A faithful copy is needed of the lines below from the one with "Shopper in carta" up to and including the one with "Dank des dritten"; set it down with no pictures and no other lines.

• [Data under study]
════════════════════

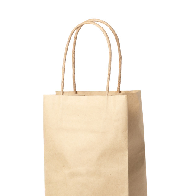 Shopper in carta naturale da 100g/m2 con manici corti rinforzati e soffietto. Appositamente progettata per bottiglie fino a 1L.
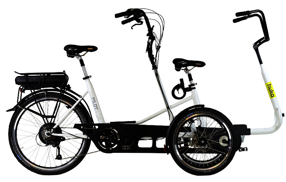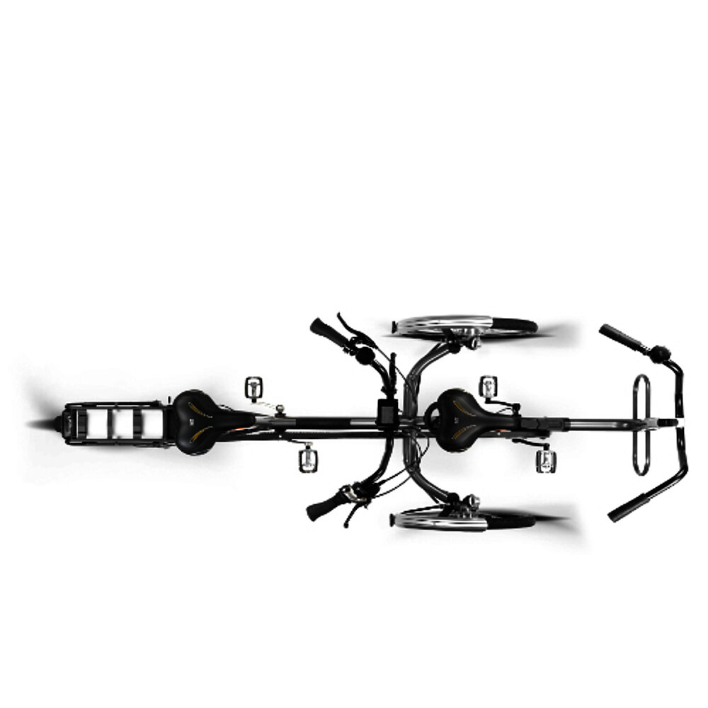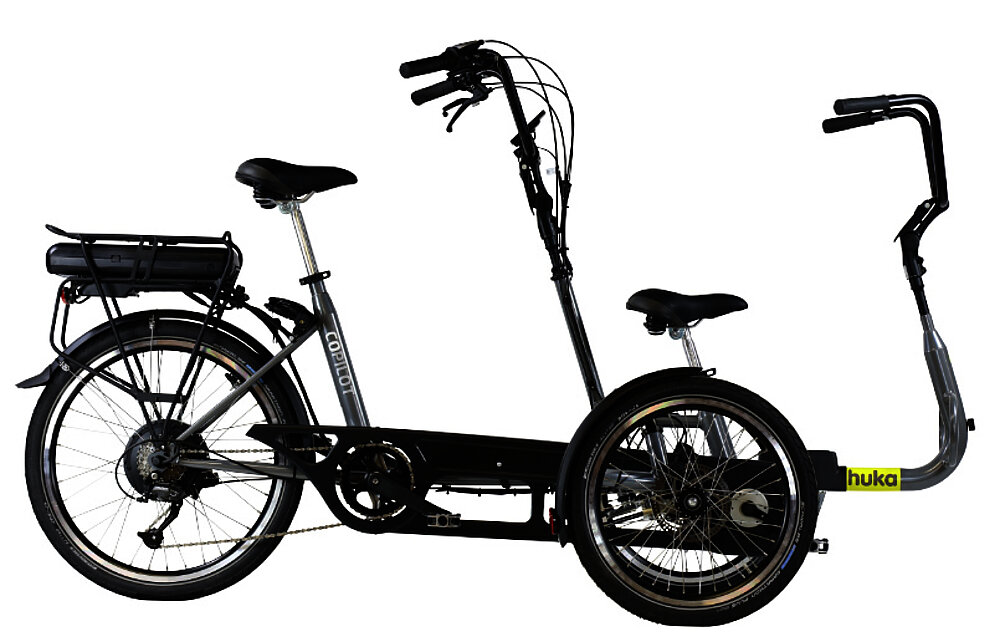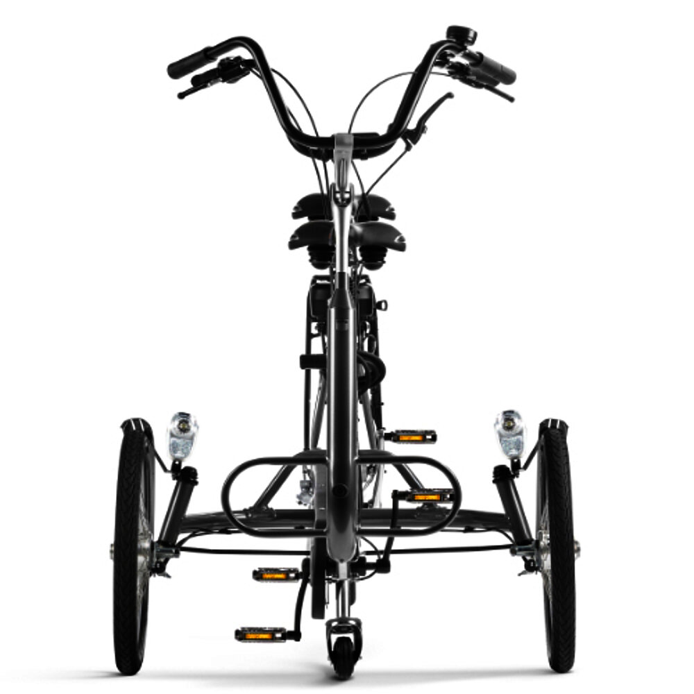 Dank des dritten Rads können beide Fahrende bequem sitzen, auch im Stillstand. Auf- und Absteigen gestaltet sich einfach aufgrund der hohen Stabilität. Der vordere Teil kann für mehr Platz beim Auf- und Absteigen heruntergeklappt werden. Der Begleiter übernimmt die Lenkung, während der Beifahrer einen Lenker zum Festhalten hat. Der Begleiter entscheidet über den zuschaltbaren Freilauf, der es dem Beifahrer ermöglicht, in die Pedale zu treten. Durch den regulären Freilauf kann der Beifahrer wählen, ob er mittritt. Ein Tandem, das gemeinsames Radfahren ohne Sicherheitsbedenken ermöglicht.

════════════════════

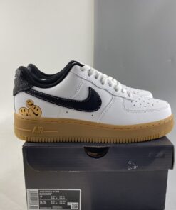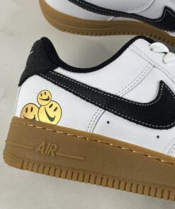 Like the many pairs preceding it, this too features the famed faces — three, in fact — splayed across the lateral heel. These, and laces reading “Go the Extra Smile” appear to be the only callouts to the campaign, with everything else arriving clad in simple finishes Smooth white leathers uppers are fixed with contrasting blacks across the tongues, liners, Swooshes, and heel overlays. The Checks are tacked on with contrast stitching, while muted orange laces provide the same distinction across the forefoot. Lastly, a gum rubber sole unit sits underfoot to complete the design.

════════════════════

• [Expected answer]
 Shopper in carta naturale da 100g/m2 con manici corti rinforzati e soffietto. Appositamente progettata per bottiglie fino a 1L.
 Dank des dritten Rads können beide Fahrende bequem sitzen, auch im Stillstand. Auf- und Absteigen gestaltet sich einfach aufgrund der hohen Stabilität. Der vordere Teil kann für mehr Platz beim Auf- und Absteigen heruntergeklappt werden. Der Begleiter übernimmt die Lenkung, während der Beifahrer einen Lenker zum Festhalten hat. Der Begleiter entscheidet über den zuschaltbaren Freilauf, der es dem Beifahrer ermöglicht, in die Pedale zu treten. Durch den regulären Freilauf kann der Beifahrer wählen, ob er mittritt. Ein Tandem, das gemeinsames Radfahren ohne Sicherheitsbedenken ermöglicht.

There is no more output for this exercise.